11. Session directory

PRRTE establishes a “session directory” on the filesystem to serve as a top-level location for temporary files used by both the local PRRTE daemon and its child processes.

This is done to enable quick and easy cleanup in the event that PRRTE is unable to fully cleanup after itself.

More detail on session directories is provided in the How Things Work session directory section.

11.1. Directory location

PRRTE decides where to located the root of the session directory by examining the following (in precedence order):

  1. If the value of the prte_top_session_dir MCA parameter is not empty, use that (it defaults to empty).

    Note

    MCA parameters can be set via environment variables, on the command line, or in a parameter file.

    Note

    If necessary, the value of the top session directory on the local node where the launcher (e.g., prun, prterun, or mpirun) is executing can be set separately from the value to be used on compute nodes via the prte_local_tmpdir_base and prte_remote_tmpdir_base parameters.

  2. If the environment variable TMPDIR is not empty, use that.

  3. If the environment variable TEMP is not empty, use that.

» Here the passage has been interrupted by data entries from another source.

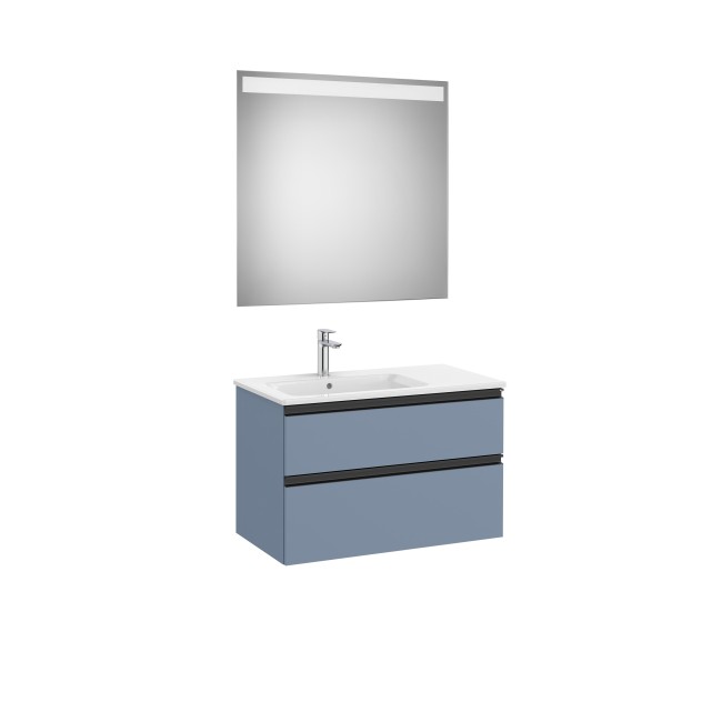 The Gap Pack 2T Lavabo À Droite (Unik+Miroir) 800Mm Bleu Mat/ Poignées Noires - ROCA A851513548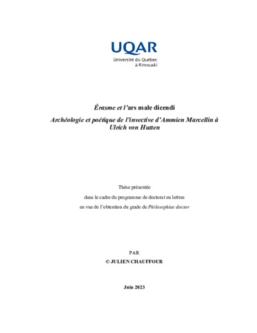 Chauffour, Julien (2023). Érasme et l'ars male dicendi : archéologie et poétique de l'invective d'Ammien Marcellin à Ulrich von Hutten. Thèse. Rimouski, Université du Québec à Rimouski, Département de lettres et humanités, 402 p.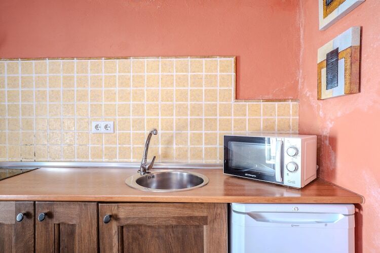 Rez-de-chaussée: (Entrée(accès par l'extérieur), cuisine ouverte(foyer(2 foyers, électrique), grille-pain, cafetière/percolateur, micro ondes, combinaison réfrigérateur/congélateur), salle à manger-salon(TV(écran plat, smart TV), table, coin salon, chauffage, climatisation), chambre(lit double(135 x 200 cm)), salle de bains(douche a jets, lavabo, WC, sèche-cheveux), climatisation(mobile)) lave-linge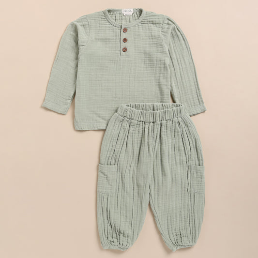 Sage Organic Muslin Long Sleeve Henley Tshirt With Lounge Pant Set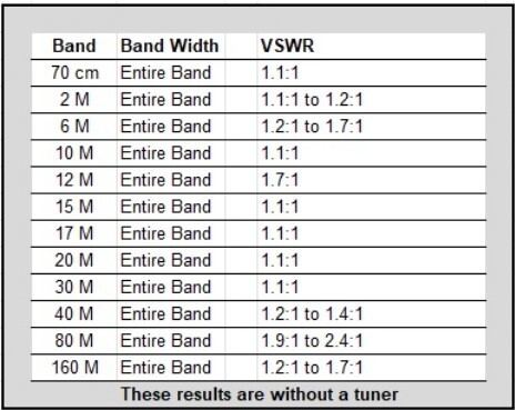 Overall, this antenna provides wide-band, multi-band coverage with minimal need for a tuner, making it ideal for operators who want simple setup, strong performance, and clean matching across a large portion of the spectrum.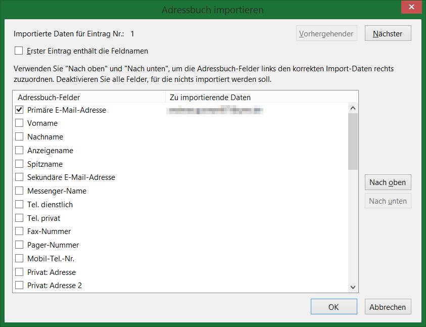 Jetzt habe ich als umständliches Workaround die txt Datei als Adressbuch importiert (muss ich hinterher eben wieder löschen). War aber auch sehr nervig, die ganzen Haken wegzuklicken.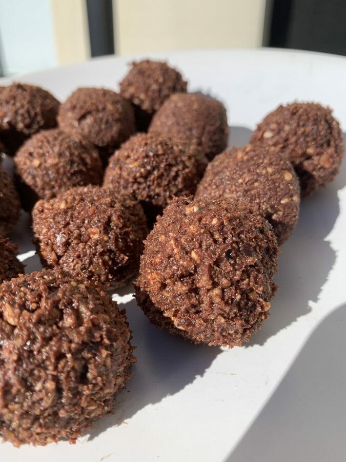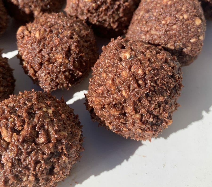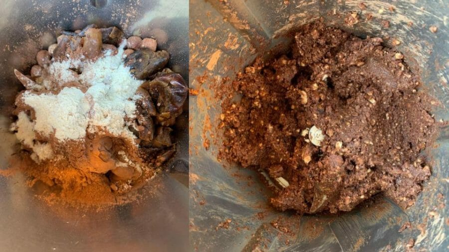 - To make the bliss balls smooth – mix the hazelnuts and dry ingredients on their own first before adding the dates.

  4. If the environment variable TMP is not empty, use that.

  5. Use /tmp

11.2. Directory name

By default, the session directory name is set to

<tool>.<nodename>.<pid>.<uid>

where tool is the argv[0] of the process setting up the session directory. In most cases, this will be either prte, prterun, or prted - though special tools such as psched may also create a session directory tree.

The session directory name includes the PID of the daemon process to allow a user to have multiple instances of a tool concurrently executing on a node.

Note

Each tool will generate its own session directory tree. This is done to avoid cleanup race conditions where one tool might cleanup the session directory, and thereby remove the contact information for a tool that is continuing to execute.

11.3. Tools

In the case of tools, the rendezvous files containing connection information for a target server are located in the session directory tree. Thus, it may be necessary to point the tool at the location where those files can be found if that location is other than the expected default.